- Presented: 19 March 1987
- Commissioned by: Department of Defence

= 1987 Defence White Paper =

Australian Department of Defence review

The 1987 Defence White Paper, titled The Defence of Australia, was a white paper published by the Australian Department of Defence during the Hawke government introduced by Minister for Defence Kim Beazley.

== Background ==

The first Defence White Paper was published in 1976 under the Whitlam government. The 1987 Defence White Paper expanded the emphasis on self-reliance that was established in the 1976 Defence White Paper, no longer focusing defence policy primarily on attracting the attention of powerful allies. These white papers formalized the Defence of Australia policy.

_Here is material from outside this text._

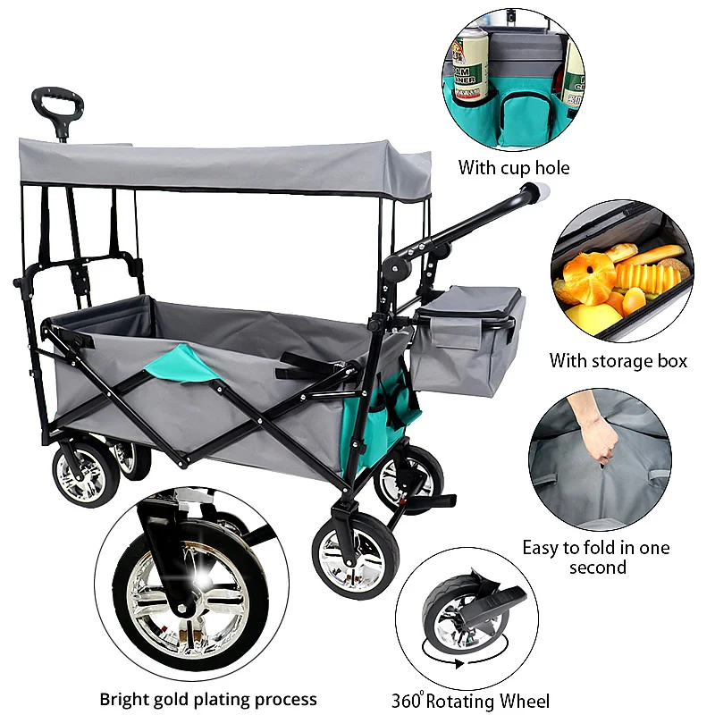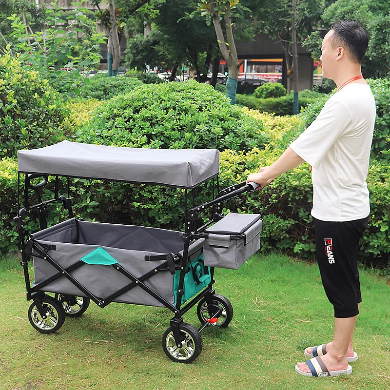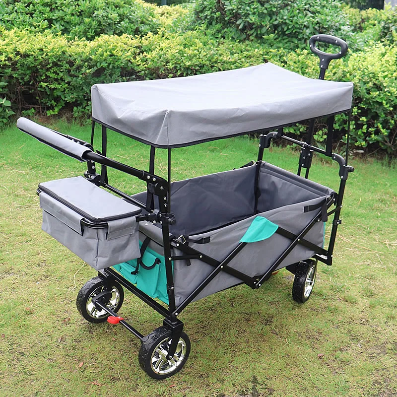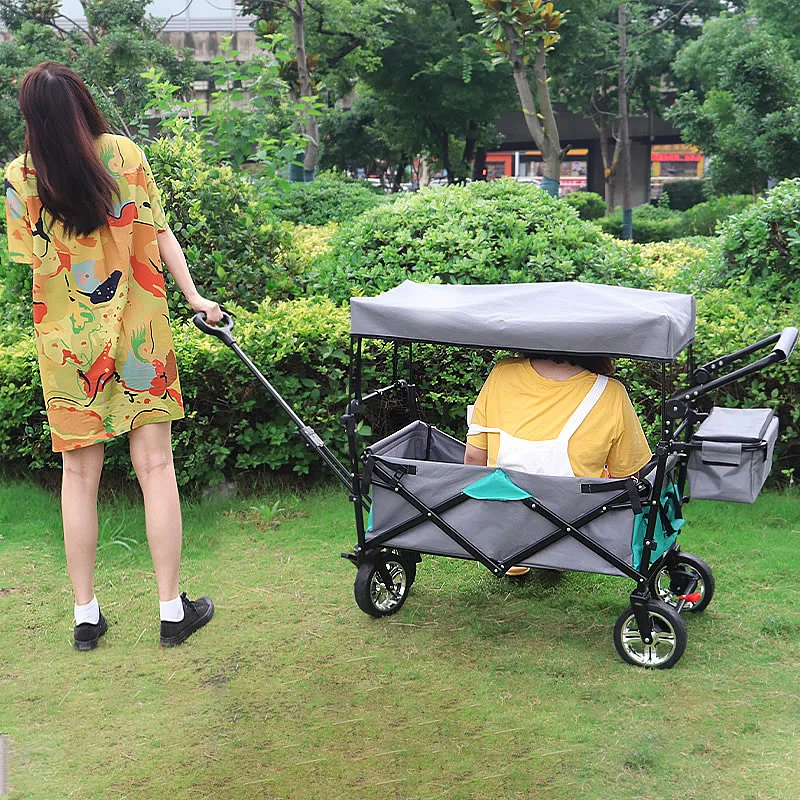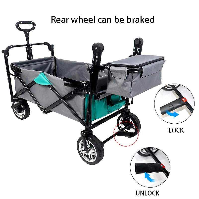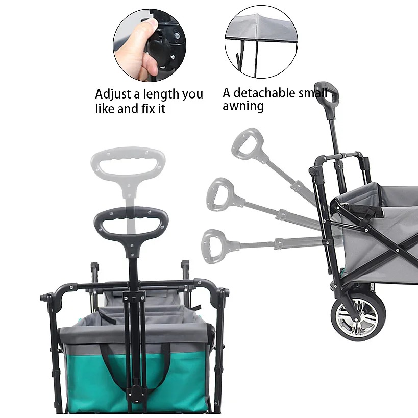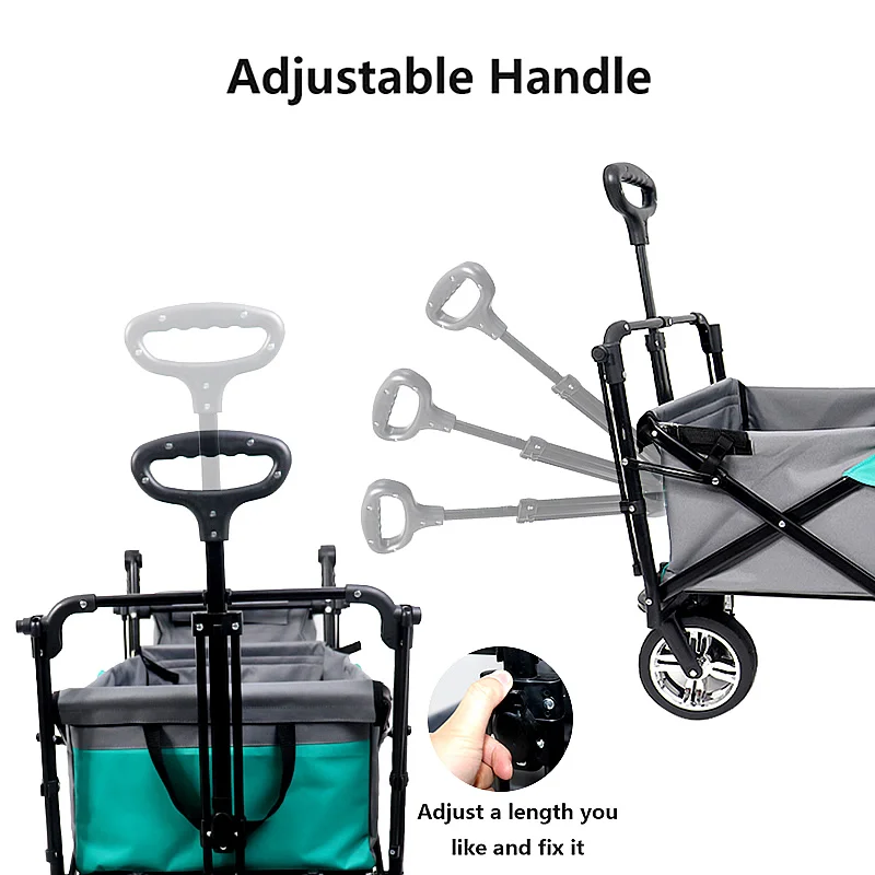 Нажмите или Потяните:Телескопическая Тяговая ручка и регулируемая нажимная ручка на ваш выбор. Идеально подходит для использования в вашем саду, на семейных походах или в качестве тележки и отлично подходит для поездок на пляж, кемпинга, спортивных мероприятий на открытом воздухе, И в любых других случаях, вы считаете это подходящим.
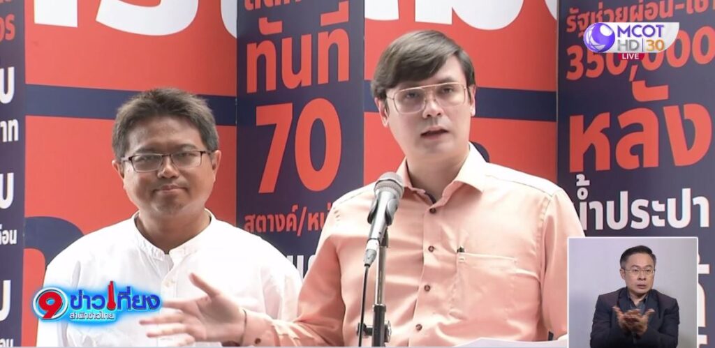 นายรังสิมันต์ โรม โฆษกพรรคก้าวไกล และนายโย พงศธร ศรเพชรนรินทร์ ผู้สมัครเลือกตั้งซ่อม สส. พรรคก้าวไกล ระยอง เขต 3 ร่วมแถลงกรณีข้อกล่าวหาทางด้านภาษีและคดียักยอกทรัพย์ ตามที่ปรากฏในข่าว

The 1987 White Paper was released following the Dibb Review of Australia's Defence Capabilities and the Cooksey Review of Australia's Defence Exports and Defence Industry.

== Synopsis ==

The paper affirmed that Australia faced no military threat, barring the remote threat of global war. It asserted that no country had the capacity or motivation, to sustain high level military operations against Australia, though Australia would still be vulnerable to harassment across its coastline and sea approaches. The paper re-affirmed self-reliance and adopted the strategy of defence in depth, as opposed to the publicly unpopular forward defence strategy which saw Australia intervene in the Vietnam War. The paper restated the importance of Australia's alliance with the United States and declared Australia's area of military interest to include much of Oceania and South East Asia.

The paper did not announce any new capability projects or any detailed expenditure proposal. However, it did emphasise the need to acquire modern technology such as satellite communications and airborne early warning aircraft.